When you still want to use signed URLs or need to add credentials to the URLs that you provide to PSPDFKit Document Engine, we recommend you add an internal endpoint on your backend that redirects the URLs to the signed URLs. In the following code snippet, we have a Node.js server that receives requests at /documents/:document_id, where :document_id is the identifier you use in your application. It then generates the signed URL or URLs with any other credentials and redirects to this URL.

In this example, you’d provide PSPDFKit Document Engine the URL https://yourapp.com/documents/myDocumentIdentifier1, and this endpoint would redirect to any signed URL, like s3.amazon.com/myDocument.pdf?token=123455:

// Catch the document endpoint.
app.get('/documents/:documentId', function (req, res) {
	// Here we generate the signed URL for Amazon S3 for the unique document ID that we were provided with and that will be used
	// by PSPDFKit Document Engine.
	const preSignedUrl = generatePreSignedUrlForDocument(req.params.documentId);
	res.redirect(preSignedUrl);
});

The generatePreSignedUrlForDocument function used in the snippet above will generate the signed S3 URL with the expiry parameters. This will look similar to the function in the Java example from the AWS guides.

Finally, you can either upload the documents on demand as described below, or run through all your documents one time and upload them all to Document Engine in one go.

Uploading All Documents

To upload all your documents, use the API to add a document from a URL. You can call this with each of your documents’ URLs to let Document Engine know about all your documents. If your documents already have IDs your application knows about, you can also supply them here so you have one consistent ID everywhere:

POST /api/documents
Content-Type: application/json
Authorization: Token token="<secret token>"

{
  "url": "http://file.example.com/sample.pdf",
  "document_id": "my_document_id_1"
}
curl http\://127.0.0.1\:5000/api/documents \
    -X POST \
    -H "Authorization: Token token=<secret token>" \
    -H "Content-type: application/json" \
    -d '{"url": "http://file.example.com/sample.pdf", "document_id": "my_document_id_1"}'

Uploading Documents on Demand

When a user requests one of the documents, you can check on PSPDFKit Document Engine to see if a document with this ID already exists. If this isn’t the case, you can upload the document with the same ID your user used for the document. Otherwise, you can serve them the document immediately.
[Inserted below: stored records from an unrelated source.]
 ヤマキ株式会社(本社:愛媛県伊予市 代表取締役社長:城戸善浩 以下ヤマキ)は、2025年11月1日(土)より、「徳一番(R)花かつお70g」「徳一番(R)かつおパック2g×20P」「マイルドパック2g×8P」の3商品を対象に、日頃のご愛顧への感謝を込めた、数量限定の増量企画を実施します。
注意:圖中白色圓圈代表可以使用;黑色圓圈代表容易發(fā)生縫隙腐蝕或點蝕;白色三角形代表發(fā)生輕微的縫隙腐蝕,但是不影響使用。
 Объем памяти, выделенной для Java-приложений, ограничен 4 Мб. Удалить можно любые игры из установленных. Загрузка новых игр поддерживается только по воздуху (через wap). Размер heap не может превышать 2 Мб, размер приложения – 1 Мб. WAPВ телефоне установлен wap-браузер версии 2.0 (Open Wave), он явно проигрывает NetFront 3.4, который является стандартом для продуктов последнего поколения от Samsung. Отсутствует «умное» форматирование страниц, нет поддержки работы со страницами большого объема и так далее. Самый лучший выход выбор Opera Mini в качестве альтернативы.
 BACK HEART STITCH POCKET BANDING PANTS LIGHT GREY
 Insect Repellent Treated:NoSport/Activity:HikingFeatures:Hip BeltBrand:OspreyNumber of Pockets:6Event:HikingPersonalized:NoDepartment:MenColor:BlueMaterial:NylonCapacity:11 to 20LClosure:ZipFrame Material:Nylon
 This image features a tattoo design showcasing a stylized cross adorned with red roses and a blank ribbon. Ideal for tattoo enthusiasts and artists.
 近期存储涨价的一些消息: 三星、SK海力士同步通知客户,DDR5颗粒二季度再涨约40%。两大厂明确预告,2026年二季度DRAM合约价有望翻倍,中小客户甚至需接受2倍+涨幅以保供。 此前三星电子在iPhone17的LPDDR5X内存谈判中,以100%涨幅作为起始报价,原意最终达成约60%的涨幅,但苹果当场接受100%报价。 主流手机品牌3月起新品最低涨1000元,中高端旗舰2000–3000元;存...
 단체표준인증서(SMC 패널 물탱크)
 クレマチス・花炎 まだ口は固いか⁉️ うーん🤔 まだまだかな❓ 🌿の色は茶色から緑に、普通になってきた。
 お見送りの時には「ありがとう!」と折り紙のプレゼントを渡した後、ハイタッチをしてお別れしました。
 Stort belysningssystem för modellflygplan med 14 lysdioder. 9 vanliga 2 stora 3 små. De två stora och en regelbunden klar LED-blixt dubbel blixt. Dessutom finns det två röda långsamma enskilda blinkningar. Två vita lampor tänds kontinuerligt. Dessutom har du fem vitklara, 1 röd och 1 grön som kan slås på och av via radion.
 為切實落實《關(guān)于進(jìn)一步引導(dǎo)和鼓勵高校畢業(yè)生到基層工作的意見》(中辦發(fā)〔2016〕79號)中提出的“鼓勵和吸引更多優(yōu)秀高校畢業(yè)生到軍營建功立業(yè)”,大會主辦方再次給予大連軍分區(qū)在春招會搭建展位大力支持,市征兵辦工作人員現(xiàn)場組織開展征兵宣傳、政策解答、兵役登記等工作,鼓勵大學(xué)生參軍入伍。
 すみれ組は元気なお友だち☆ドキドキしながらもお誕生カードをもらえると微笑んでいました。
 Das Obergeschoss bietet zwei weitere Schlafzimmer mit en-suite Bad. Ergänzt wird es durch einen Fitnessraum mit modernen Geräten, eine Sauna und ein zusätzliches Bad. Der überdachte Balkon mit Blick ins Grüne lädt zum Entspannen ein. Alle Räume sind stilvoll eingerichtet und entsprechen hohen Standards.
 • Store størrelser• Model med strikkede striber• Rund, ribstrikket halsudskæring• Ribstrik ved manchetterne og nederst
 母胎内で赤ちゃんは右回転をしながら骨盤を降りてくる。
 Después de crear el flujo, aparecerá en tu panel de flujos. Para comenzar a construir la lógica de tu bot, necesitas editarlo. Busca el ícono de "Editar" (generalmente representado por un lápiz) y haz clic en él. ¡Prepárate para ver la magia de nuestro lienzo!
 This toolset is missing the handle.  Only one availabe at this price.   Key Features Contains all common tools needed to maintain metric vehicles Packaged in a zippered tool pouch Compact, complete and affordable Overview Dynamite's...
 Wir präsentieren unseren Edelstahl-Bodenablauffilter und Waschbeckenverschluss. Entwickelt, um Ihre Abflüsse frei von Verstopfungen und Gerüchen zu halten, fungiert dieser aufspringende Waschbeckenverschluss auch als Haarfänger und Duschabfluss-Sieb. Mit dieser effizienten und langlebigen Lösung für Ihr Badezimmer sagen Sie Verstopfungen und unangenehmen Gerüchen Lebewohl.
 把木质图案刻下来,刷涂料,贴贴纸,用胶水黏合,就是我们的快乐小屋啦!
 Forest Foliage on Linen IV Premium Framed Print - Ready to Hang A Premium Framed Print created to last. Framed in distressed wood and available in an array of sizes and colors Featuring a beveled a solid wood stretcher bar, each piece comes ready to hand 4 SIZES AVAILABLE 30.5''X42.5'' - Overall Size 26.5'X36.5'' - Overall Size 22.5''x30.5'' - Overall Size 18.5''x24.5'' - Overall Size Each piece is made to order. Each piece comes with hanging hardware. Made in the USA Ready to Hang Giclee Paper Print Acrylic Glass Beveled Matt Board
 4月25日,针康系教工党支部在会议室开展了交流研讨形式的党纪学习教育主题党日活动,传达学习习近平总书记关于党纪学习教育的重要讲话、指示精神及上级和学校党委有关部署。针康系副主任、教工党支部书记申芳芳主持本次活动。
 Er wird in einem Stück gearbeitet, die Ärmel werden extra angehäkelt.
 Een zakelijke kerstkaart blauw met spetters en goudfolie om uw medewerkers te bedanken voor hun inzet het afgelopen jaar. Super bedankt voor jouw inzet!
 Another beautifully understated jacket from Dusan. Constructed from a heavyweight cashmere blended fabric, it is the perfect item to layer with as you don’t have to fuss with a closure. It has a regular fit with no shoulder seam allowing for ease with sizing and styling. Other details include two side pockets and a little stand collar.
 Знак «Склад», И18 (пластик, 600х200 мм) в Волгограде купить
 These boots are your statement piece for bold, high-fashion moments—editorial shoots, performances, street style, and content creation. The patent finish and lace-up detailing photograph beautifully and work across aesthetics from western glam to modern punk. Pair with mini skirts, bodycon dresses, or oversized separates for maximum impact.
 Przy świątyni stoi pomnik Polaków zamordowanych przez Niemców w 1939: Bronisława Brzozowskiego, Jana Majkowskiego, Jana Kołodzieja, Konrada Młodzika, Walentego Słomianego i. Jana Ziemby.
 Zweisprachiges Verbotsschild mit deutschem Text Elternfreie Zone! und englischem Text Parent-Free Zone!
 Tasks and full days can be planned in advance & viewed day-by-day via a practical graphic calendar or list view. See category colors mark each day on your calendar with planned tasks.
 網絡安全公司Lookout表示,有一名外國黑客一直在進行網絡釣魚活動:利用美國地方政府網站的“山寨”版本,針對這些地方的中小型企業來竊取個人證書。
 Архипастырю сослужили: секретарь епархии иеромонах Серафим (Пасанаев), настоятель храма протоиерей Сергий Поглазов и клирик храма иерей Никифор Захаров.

As an example, let’s say you have a route like /documents/:id and your user requests a specific document with the ID my_document_id_1, which you internally have mapped to a URL.

Now you can use the document info endpoint on PSPDFKit Document Engine, GET /api/documents/my_document_id_1/document_info, and see if the document already exists. If this isn’t the case, you’ll receive a 404 error and call the adding a document from a URL endpoint:

POST /api/documents
Content-Type: application/json
Authorization: Token token="<secret token>"

{
  "url": "https://s3.amazon.com/my-bucket/sample.pdf",
  "document_id": "my_document_id_1"
}
curl http\://127.0.0.1\:5000/api/documents \
    -X POST \
    -H "Authorization: Token token=<secret token>" \
    -H "Content-type: application/json" \
    -d '{"url": "https://s3.amazon.com/my-bucket/sample.pdf", "document_id": "my_document_id_1"}'